The market's average single-asset sale value was $11.45 million, on par with $11.4 million in 2015, though the average price per key was $67,100, up from $56,400 in 2015.
Top transactions during the year included the Orlando Airport Marriott Lakeside sale in June for $64.3 million ($132,000 per key), and the Embassy Suites Orlando Downtown selling for $35.4 million last March ($211,700/key), both figures being full sale prices -- including the value of tangible personal property that's not always reflected on the deed -- as reported by Real Capital Analytics.
The Doubletree at UCF sold for $25.7 million in March ($104,700/key), the Doubletree by Hilton Orlando Airport in June for $28.5 million ($80,736/key), and the Holiday Inn Orlando-Disney Springs in December for $24 million ($74,100/key).
Nearly half of the single asset sales involved properties in the Kissimmee East or West submarkets, with significant appreciation from prior year sales.
"We like the fact that people are voting with their dollars on the ongoing rebound in the 192 corridor," Sexton said.
The top corporate/portfolio deal last year involving local hotels was the $88.1 million paid in June for a trio of properties known as the Marriott Village in Lake Buena Vista, southwest of Little Lake Bryan ($80,181/key). That price was reflected by sale deeds, and may be higher with tangible personal property.
CONVERSIONS & BULLDOZINGS
Last year was notable for the number of flag conversions, repositionings of hotel supply to timeshare, and bulldozings that involved 11 local properties.

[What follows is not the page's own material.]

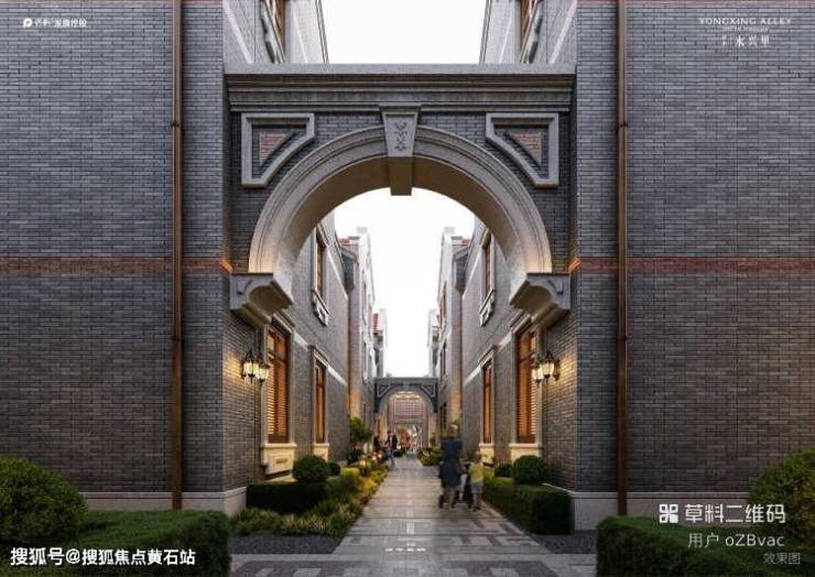 百年印记:拱形门坊及雕花汲取湖州会馆建筑灵感、装饰老建筑元素印记超级符号:菱形超级符号统一运用,室内、景观铺装、单体立面一体化延续
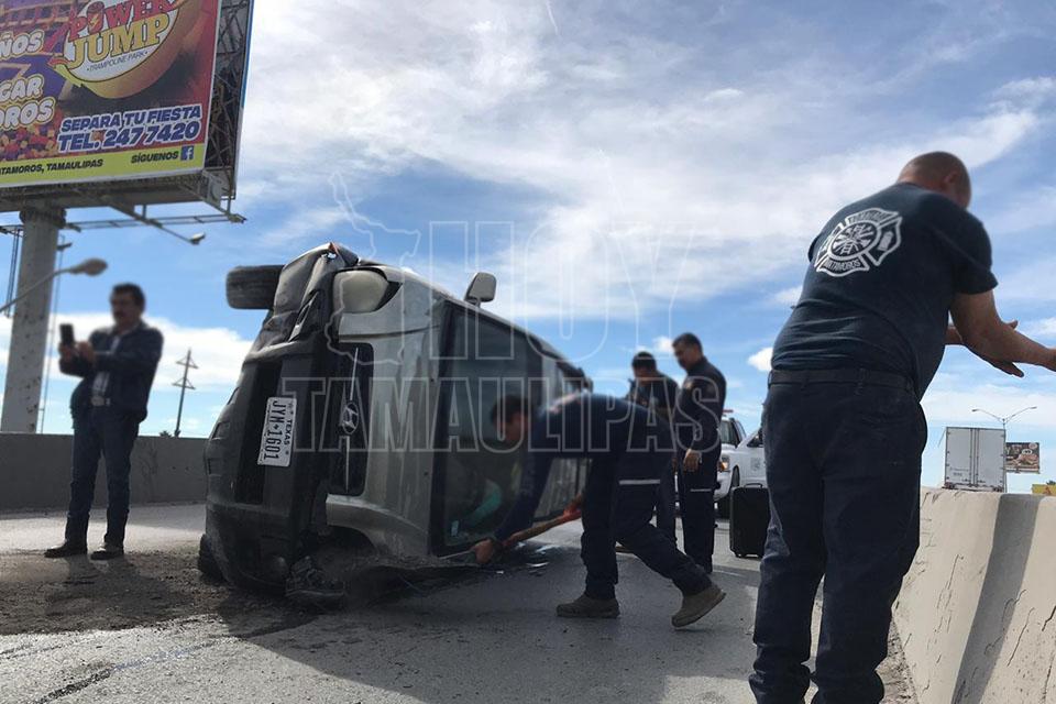 Sale ilesa pese a aparatosa volcadura en Matamoros

Conversions included a foreclosed former Nik Patel hotel on Apopka-Vineland Road into the U.S. market's first Delta Hotels branded-property in April, the 774-room Nickelodeon Suites Resort to a Holiday Inn Resort, the 1,014-room Lake Buena Vista Palace to the Hilton Orlando Buena Vista Palace Disney Springs which completed in October, and the 516-room Home Suite Home to the Red Lion Hotel Orlando-Kissimmee Maingate that completed in November.
Notable bulldozings included the Royal Inn & Suites at the I-4 and S.R. 46 interchange in Sanford to make way for two select service hotels, and the former Residence Inn on Lake Cecile along Kissimmee's W192 corridor.
"For the first time in years we are seeing the bulldozing of properties and deletion of some supply," Sexton said.
Nine new hotels opened in 2016 adding 2,314 new rooms to the market's supply, with Greater Orlando closing the year with roughly 123,500 rooms overall.
Eight new properties currently under construction are expected by Sexton to open this year, which would introduce another 1,597 rooms to the market in 2017. Those are led by a 300-room first phase of The Grove Resort & Spa projected to open in the first quarter, and the 400-room addition to Cabana Bay Beach Resort at Universal that has been forecast for a third quarter opening.
Replacement cost is still above acquisition cost by about 30 percent in Greater Orlando, Sexton estimates. Value is not accelerating at the pace it was three years ago, he said, so the market isn't near the point of 15-20 percent above replacement cost that prompts greater focus on new development.
"So transactions are still a good deal in Orlando, and investors don't have to worry as much about new supply," he said. "The new projects you are seeing done that really move the market are by Universal, which has built more rooms in the market than anyone else in this cycle. But their economics are different from any other developer."